Almost one in four people killed on UK roads were not wearing seatbelts
According to new data from the Department for Transport (DfT), 24% of all car occupant fatalities in Britain between 2016 and 2020 involved people not wearing their seatbelt.

The data also revealed that 28% of the male fatalities were as a result of not wearing a seatbelt, in comparison to 16% of females.

DfT’s survey showed that drivers between the age of 17 and 29, were the most likely (32% to not wear a seatbelt during a fatal crash.

Also, those driving between the hours of 8pm and 6am were 39% more likely to be involved in a deadly accident compared to the rest of the day (17%).
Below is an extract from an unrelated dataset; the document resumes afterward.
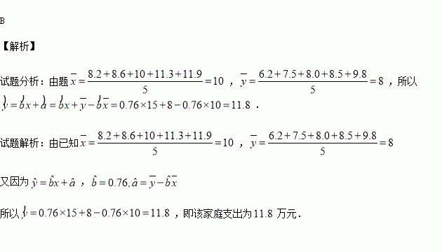 为了解某社区居民的家庭年收入所年支出的关系,随机调查了该社区5户家庭,得到如下统计数据表:

Regarding the results on seatbelt wearing in the UK, a RAC spokesperson commented: “Astonishingly, almost a quarter of all road traffic fatalities involved occupants not wearing seatbelts. This stark statistic singularly underlines just why seatbelts are a legal requirement, so it’s a real worry that many people still choose not to belt up. The fact compliance is much lower for those in the backs of cars – who are less likely to be protected by airbags – and for those who ride in taxis is equally shocking.

“As seatbelts are probably the single biggest life-saving device ever introduced into vehicles, it’s vital the Government, local authorities and the police continue to reinforce this message. Today’s new figures beg the question as to whether a nationwide communications campaign to promote seatbelt use should be rolled out and whether existing laws are a sufficient enough deterrent.”

Drivers currently receive a find of up to £500 for not wearing a seatbelt.

The report also revealed a worrying increase in the number of drivers using their mobile devices behind the wheel.

Latest Government figures show that there were 420 collisions on British roads in 2019, where the driver was using a mobile while in the driver’s seat.

After analysing the mobile phone data, RAC head of roads policy Nicholas Lyes said: “It’s concerning there has been an increase in the proportion of drivers observed using handheld mobile phones at the wheel since 2017. Historically, when the Government stiffens penalties, there is a drop in illegal phone use before old habits begin to creep back in again.

“While many drivers would like to see the penalties increased further, we believe the Government should be rolling out new camera enforcement technology similar as is already used several other countries such as Australia and the Netherlands.

“We believe this technology would be an important tool for reducing the number of unnecessary lives tragically lost on our roads each year because of this dangerous and illegal habit.”